Friday, May 18, 2018

A Passel of Rascals


While running errands earlier today, we passed an Amish barnyard, where normally one would find several heifers and a young bull grazing and enjoying the outdoors.

They're everywhere


They're everywhere!!!!


Today, although one heifer, who seems to like to hang by herself, was still outside, the yard had been mostly taken over by this litter of red fox pups and their mama and maybe dad. 





There were EIGHT (!!!!) foxes in the yard eating stuff, playing with stuff, and just soaking up the morning sun....it was a sight we have never seen before and don't expect to see again.

They were cute and all, but I'm sure glad that's not our barnyard...and that I am not that poor mama fox!


Wednesday, September 28, 2016

This Guy


Afforded Becky and me a few minutes of nearly dangerous laughter yesterday.
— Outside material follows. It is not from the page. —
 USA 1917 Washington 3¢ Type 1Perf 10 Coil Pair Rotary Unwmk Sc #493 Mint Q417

I normally pretty much wage war on chipmunks. They get in the house and do bad stuff and carry disease and all.

However, I may give this guy a pass.

I was on my way to the sink to attend to a big mess of dishes when something flashed past the window, caroming off the blue bird feeder and falling through the air, flip, flip, flip.
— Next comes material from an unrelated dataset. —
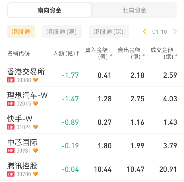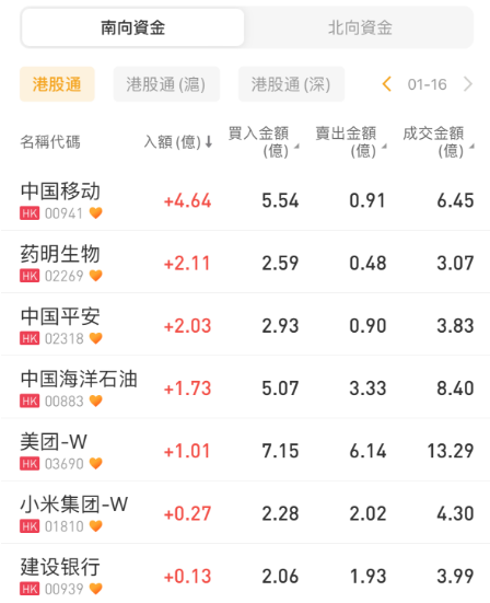 南下资金今日净买入中国移动4.64亿港元,药明生物、中国平安分别获加仓2.11亿港元、2.03亿港元。香港交易所、理想汽车分别遭净卖出1.77亿港元、1.47亿港元。

I could see it was a rodent of some kind, but the flipping was pretty fast for clear discernment.

Thus I lingered by the window to see what was up.
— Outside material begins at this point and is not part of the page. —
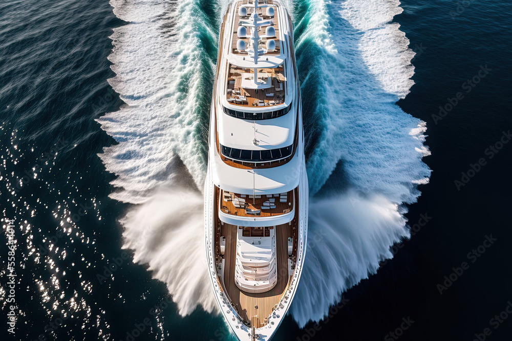 Beautiful contemporary mega yacht with hardwood deck captured in an

Dippy Chippy swarmed up out of the grass and quickly got up on the garden pond pump, which is lying on a tree stump drying out to be stored for winter. It consists of two long arms, one to shoot water into the air and one to suck water into the pump. It was balanced not  so securely on the center part...the pump.

Dippy ran out onto the filter. It tipped dangerously and he levitated into the air and ran back to the center...then down the air spout, which once again acted as a chippy teeter totter. Airborne once again.

He was incensed and ran over to the old bird feeder pole, which is about three feet from the tray feeder that was his goal. Next he shuddered his way through the cinnamon vine that grows on it, nothing showing but his bottle brush tail.

See, I had found some old almonds in the cupboard and put them out there to see if the jays wanted them (nope). The chipmunk wanted them though. He sat in the catbird feeder on top of the pole and wiggled his fanny like a cat about to pounce on one of his brethren.

Nope, too far.

He vibrated his tail like pom pom at a football game, bouncing up and down to ready himself for the jump.

Nope, too far. 

Back down through the vine, tail a-quiver, to the oak stump again.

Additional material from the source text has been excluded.